AT&T Posts Another Solid Quarter of Earnings as Revenue Per Customer Climbed
Maintaining $25 fair value estimate; stock significantly undervalued.
AT&T (T) third-quarter results lend support to our view that the firm is poised to deliver steadily improving performance in the coming years. While wireless customer additions slowed, revenue per customer spiked higher, exceeding our expectations. The firm expects to meet or exceed financial targets for the year, including generating $14 billion of free cash flow. While AT&T has clearly backed away from the 2023 free cash flow target of $20 billion set following the Warner spinoff, management expects this metric to grow next year, which we believe to be very reasonable and provides comfort around the dividend. We are maintaining our $25 fair value estimate, and we think the stock is significantly undervalued.

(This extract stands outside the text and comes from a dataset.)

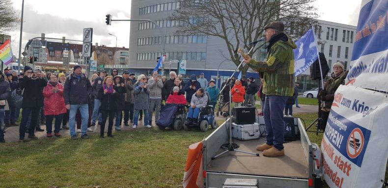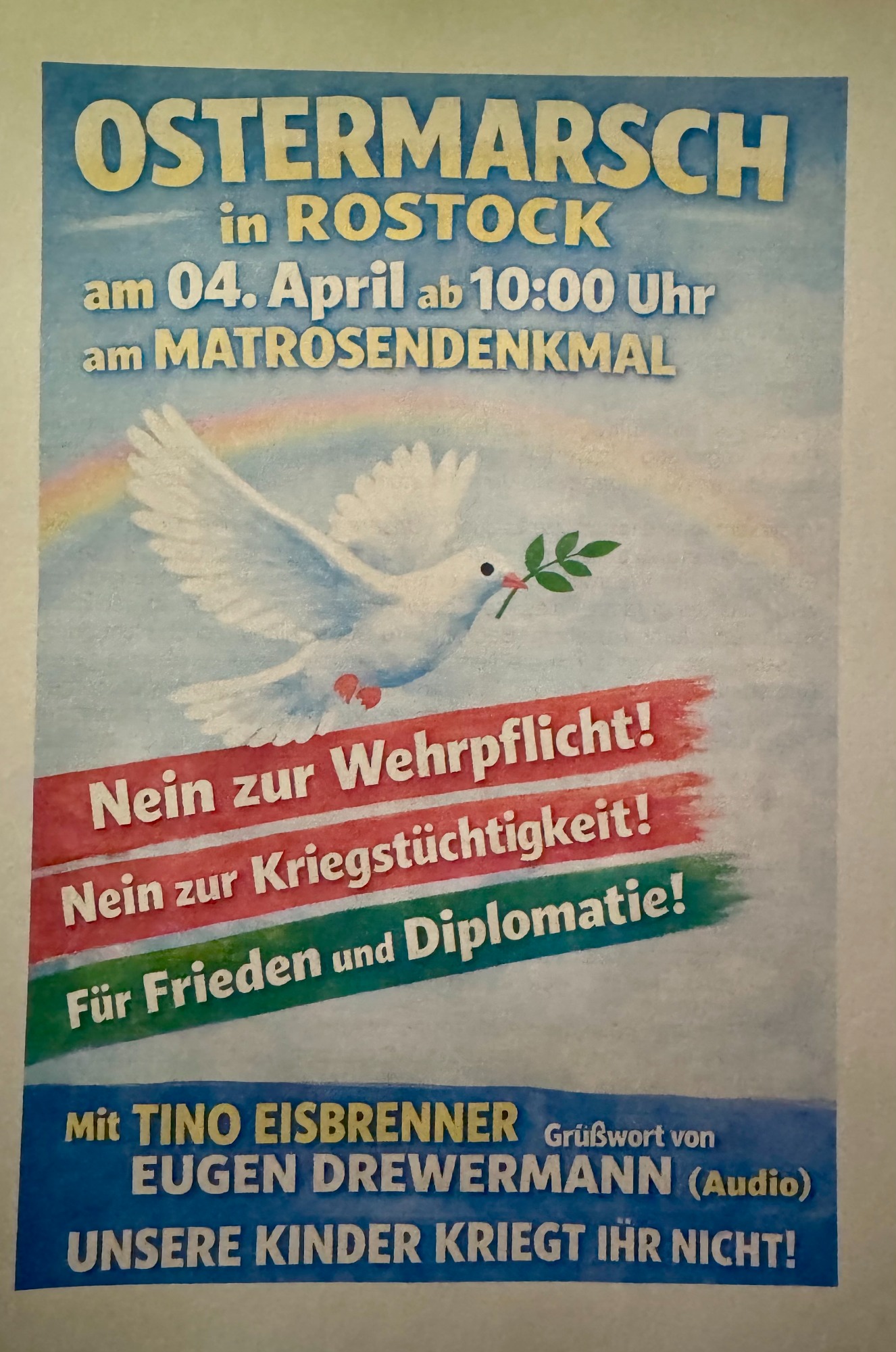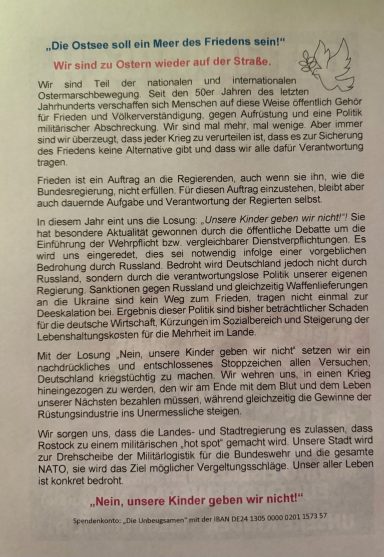 Ca. 300 Teilnehmer sind dem Aufruf des Norddeutschen Friedensbündnisses gefolgt, welches am Denkmal der revolutionären Matrosen in Rostock am Warnowufer um 10.Uhr begann. Mit verschiedenen Rednern, hat auch der bekannte Sänger Tino Eisbrenner mit verschiedenen Friedensliedern einen kulturellen Beitrag geleistet. Es folgte eine Demonstration durch den Stadtteil Kröpeliner Tor Vorstadt (KTV) hin zum Doberaner Platz, wo nach weiteren friedenspolitischen Aktivitäten gegen 12 Uhr der diesjährige Ostermarsch zu Ende ging.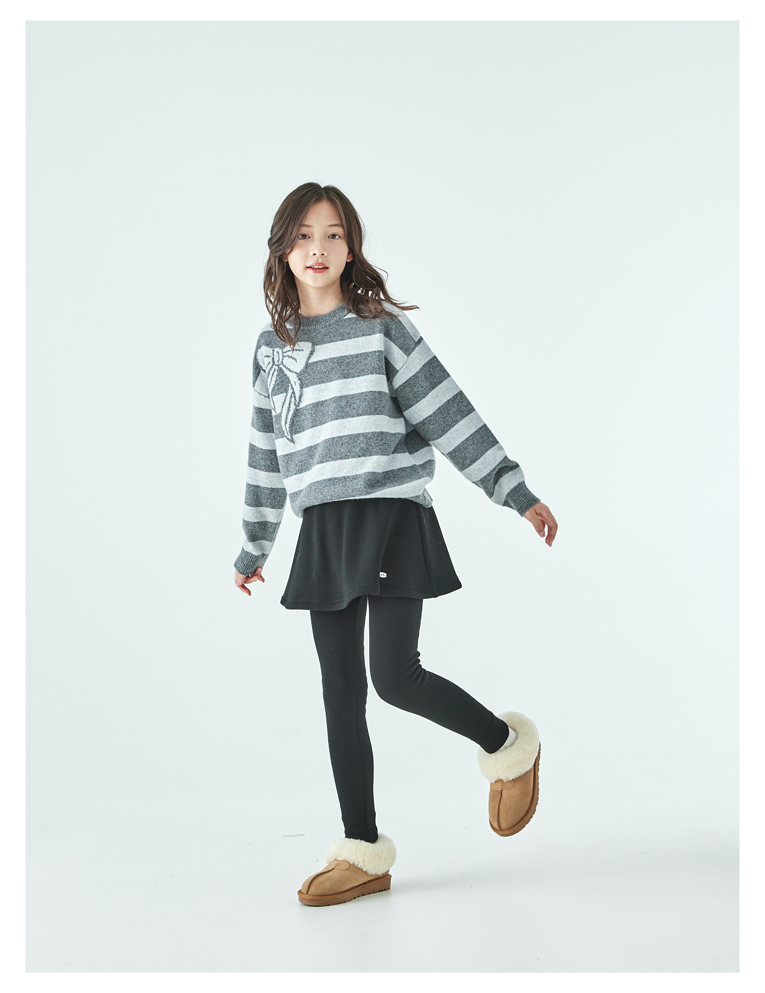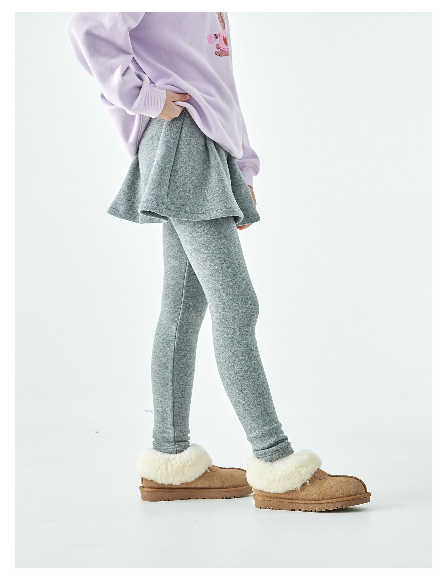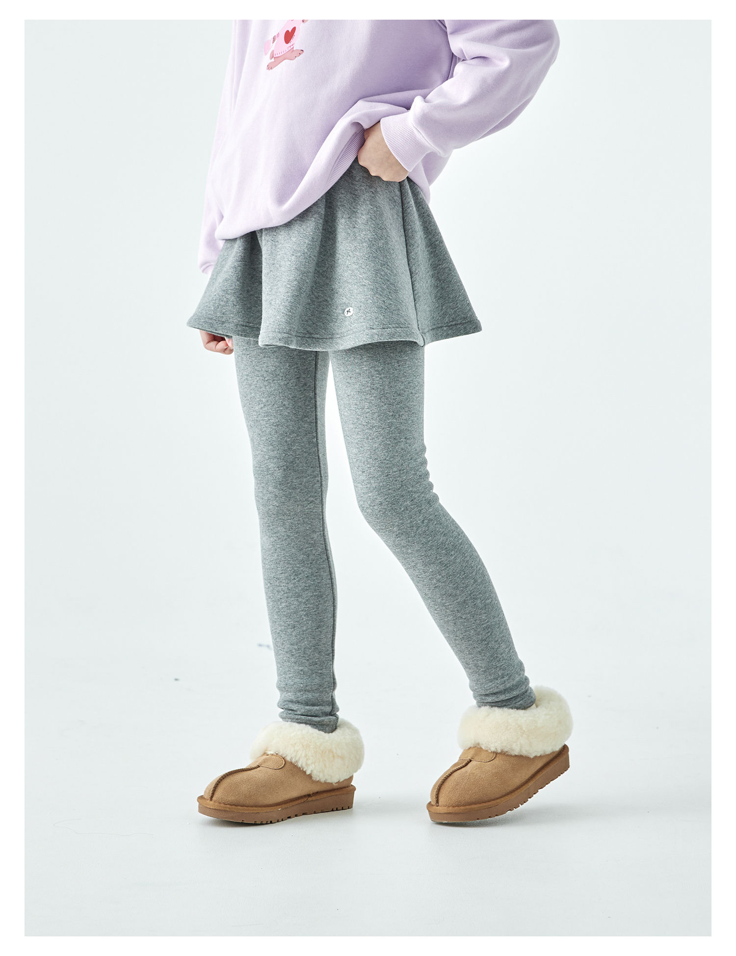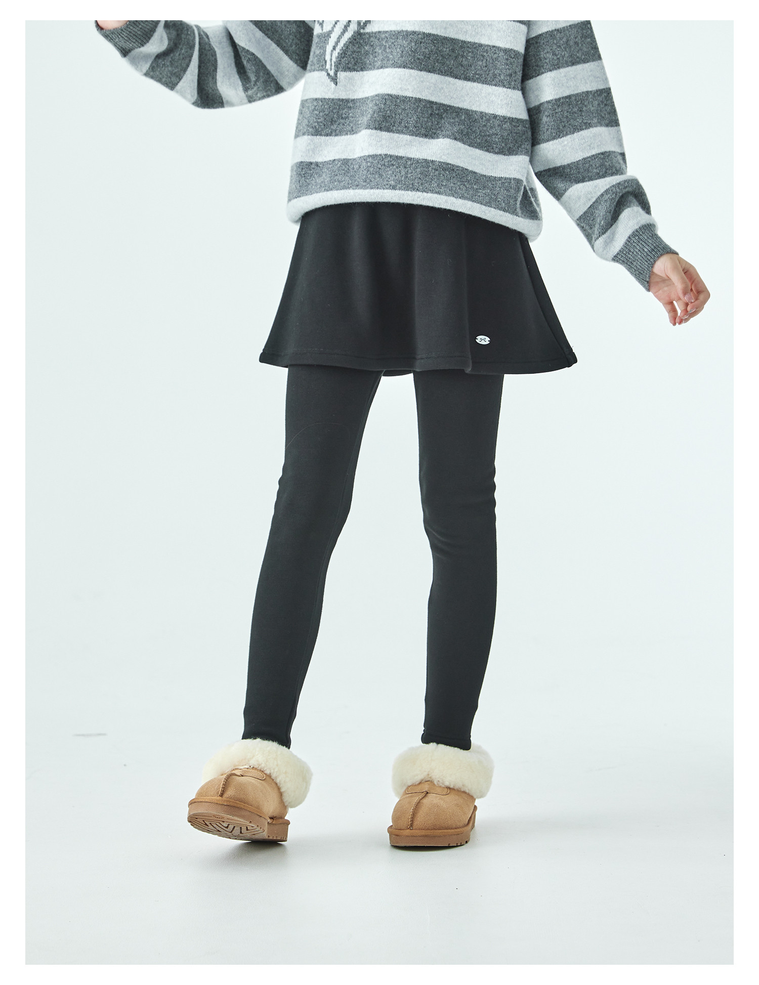 棵初25年秋冬新款亲子中大女童下摆蝴蝶结打底裙假两件叠穿打底裤

Adjusted for business dispositions, total revenue increased 3.1% year over year on solid results across all segments. Wireless service revenue (about half of total firm sales) increased 5.6%, the best result in a decade. AT&T added 708,000 postpaid phone customers during the quarter, down from 928,000 a year ago. The firm continues to do a great job of attracting new customers but the pace of those leaving picked up slightly: monthly postpaid phone churn was 0.84%, up from 0.72% last year. AT&T has pushed some customers away with select price increases, but churn remains below prepandemic levels. Also, average revenue per postpaid phone customer jumped 2.4% versus a year ago, far stronger than expected entering the year given the ac amortization of past promotional credits against revenue.
Wireless profitability remains solid. The segment generated a 41.7% EBITDA margin, down slightly from 41.9% a year ago. Management expects margins to begin improving as 3G network shutdown costs dissipate, investments to improve efficiency deliver results, and the benefits of increased sales drive operating leverage.
Consolidated free cash flow was flat versus a year ago at $3.8 billion despite a step up in capital investment to $6.8 billion from $5.5 billion.